Trapα mutants are retarded and exhibit a strong cardiac phenotype. (A and B) The E14.5 HZ TL5 mutant (B) is growth retarded compared to a WT littermate (A). In addition, the HZ embryo displays an important subcutaneous edema (B, arrow). (C and D) Sagittal sections of E15.5 embryos reveal that in the TL5 mutant (D), the organs are proportionally smaller compared to those of the WT (C), except for the heart (arrowheads), which displays an important dilatation. (E to J) In serial transverse sections through E15.5 HZ (E to G) and WT (H to J) hearts, a partial separation of the aorta (Ao) and the pulmonary trunk (PT) is evident in the mutant embryo (F, arrow). This defect gives rise to a DORV (F, arrowhead) and an interventricular septal defect (G, arrow). RA, right atrium; LA, left atrium; RV, right ventricle; LV, left ventricle. Asterisks in panels E, F, and H show the semilunar valves. The white arrowhead in panel G points to the indentation in the ventricle apex.

FIG. 7.

Development of the outflow tract. (A) Neural crest cells visualized after whole-mount in situ hybridization on the trunk of E12.5 embryos using a plexin A2 riboprobe. Comparison between a TL5 mutant (A2 and 4) and a WT littermate (A1 and 3) reveals that the extent of migration of the crest cells is similar (A1 and 2, arrows). However, the route followed by the cells is very different in TL5 HZ embryos (compare the dashed lines in the insets in A3 and 4). (B) Endocardial cushion maturation as indicated by expression of periostin, which marks endocardial cells after EMT. Periostin expression in E12.5 WT (B1) and mutant (B2) or E13.5 WT (B3) and mutant (B4) embryos shows that endocardial cushions of the mutant had undergone EMT but that the staining is broader in the mutant at E13.5, suggesting an absence of maturation of the cushions (compare brackets). (C) Sections through OFT of E12.5 embryos revealed that the cushions have already fused in the WT (arrow in C1), while they are still separated in the mutant (arrow in C2). In addition, detachment of the cushions from the myocardial layer is frequently observed in the mutant (arrowhead in C2).
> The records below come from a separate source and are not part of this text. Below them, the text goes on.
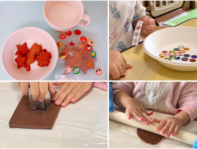 2歳児さんは生地を伸ばすところからやってみましたが上手に伸ばすことができました!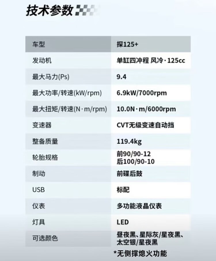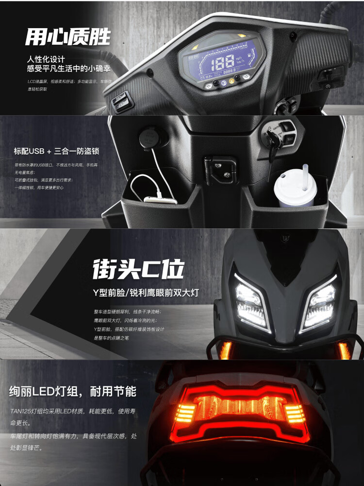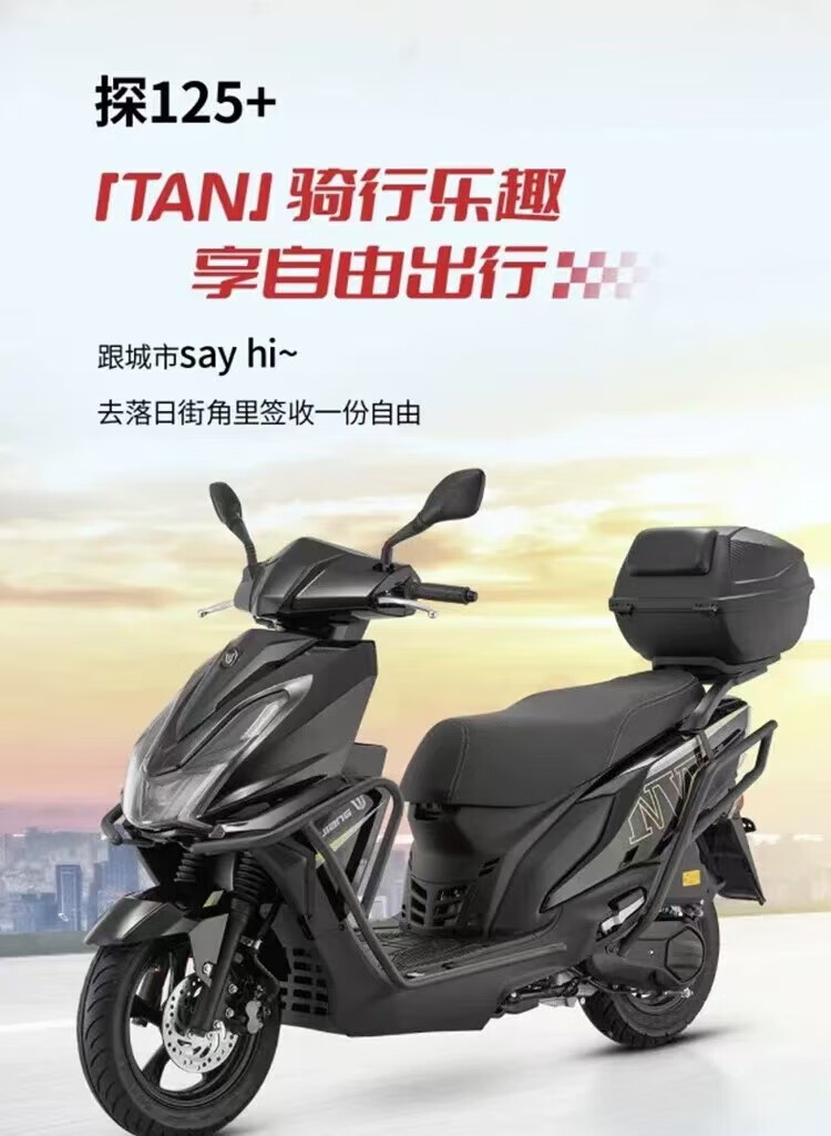 Qianjiang TAN125+ scooter, fuel-saving and light for commuting, cost-effective takeout, trunk + guard, starry night black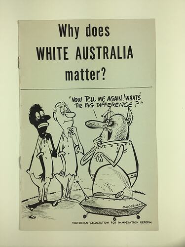 Pamphlet entitled 'Why Does White Australia Matter?', published by the Victorian Association for Immigration Reform, Melbourne, circa 1968. It is one of three duplicate copies which make the case for the end of the White Australia policy and expound the arguments laid out in the the Immigration Reform Group's seminal work 'Immigration Control or Colour Bar?' published in 1960. The pamphlet features an evocative cartoon of a martian standing in front of two men with black and white skin asking 'Now tell me again! What's the Difference?' The Association had branches in Victoria, New South Wales, South Australia, Western Australia and the ACT.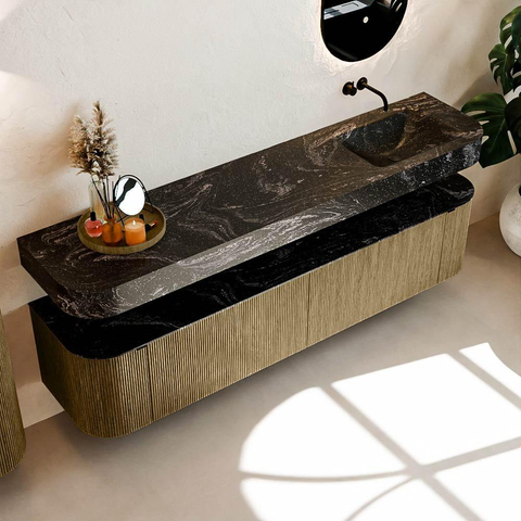 Matériaux naturels dans des tons chauds. Les nervures verticales apportent rythme et texture au design, tandis que le chêne confère une apparence chaleureuse et artisanale. Choisissez parmi 5 teintes de bois OAK, WALNUT, DUSK, SHADOW et RUBY, des couleurs de bois soigneusement sélectionnées pour enrichir les salles de bains modernes et classiques.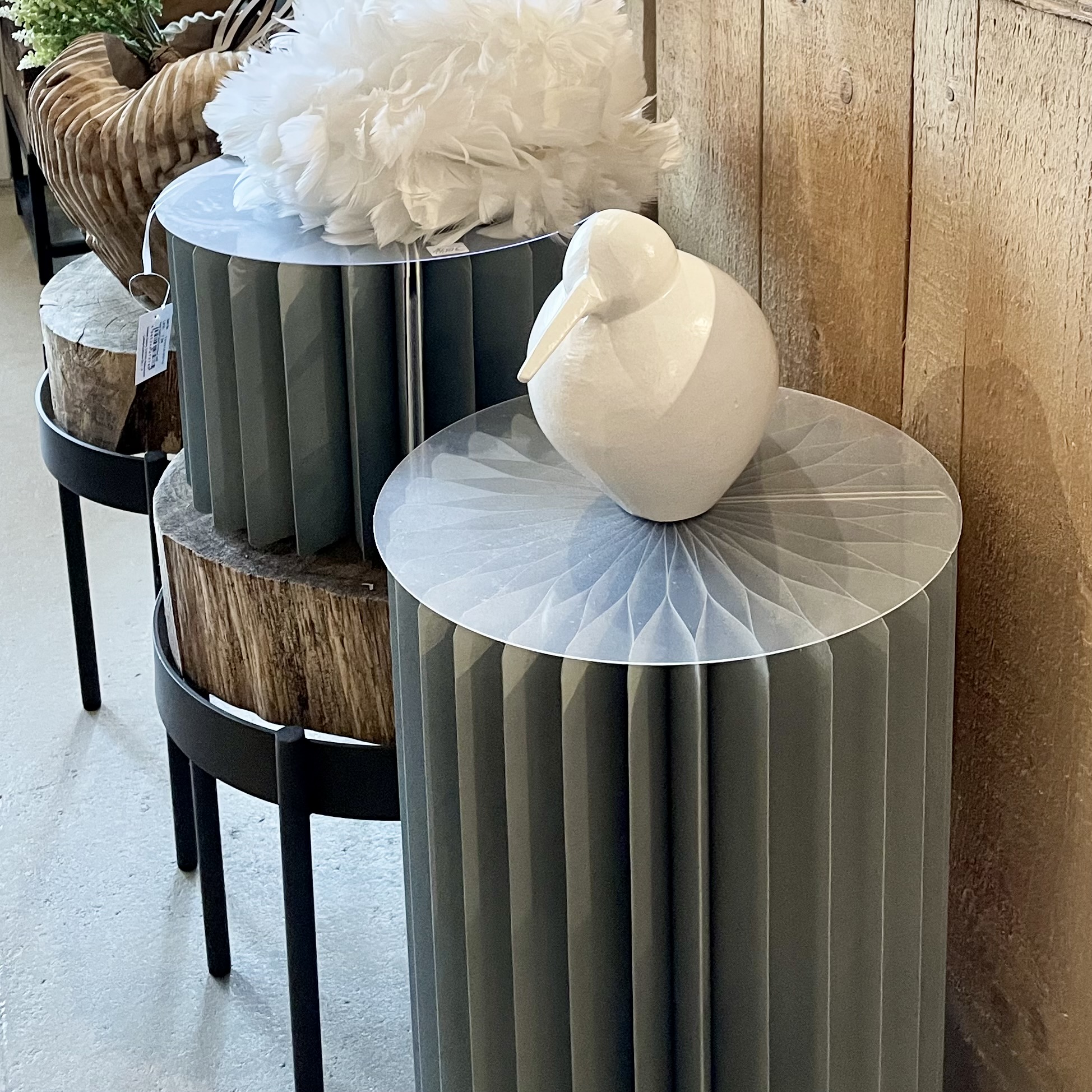 Papier-Säule D30cm, H60cm, faltbar grau mit Plexiglasplatte

Ao, aorta; PT, pulmonary trunk; RA, right atrium; LA, left atrium; RV, right ventricle; LV, left ventricle.

FIG. 8.

Endocardial cushion development. (A) Proliferation and apoptotic death of mesenchymal cells in endocardial cushions. (A1) Total number of mesenchymal cells in endocardial cushion of WT or HZ TL5 E12.5 OFT. Cells were counted on sagittal paraffin sections stained by hematoxylin (13 sections per genotype). Apoptotic death was analyzed using TUNEL (A2), while proliferation was evaluated by either BrdU (A3) or phosphohistone H3 (H3P; A4) immunostaining. In each case, results were expressed as the mean of the ratios of the number of positive cells to the total number of mesenchymal cells per section. NS, no significant difference between WT and HZ embryos was observed by TUNEL assay (six sections per genotype). An important increase in the number of BrdU-positive cells (five sections per genotype) and a small but significant (P < 0.05) decrease in the number of phosphohistone H3-positive cells (four sections per genotype) were revealed in HZ embryos. These results were confirmed with two different WT or HZ Trapα mutant embryos. Statistical significance of difference was assessed by Student's t testing. (B) Myocardialization of the endocardial cushions. Myosin heavy chain immunostaining with MF20 antibody on frontal sections of OFT in E12.5 embryos revealed that while migration of myocardial cells is clearly observed in the WT (B1, arrows), it has not yet started in the mutant (B2, arrows).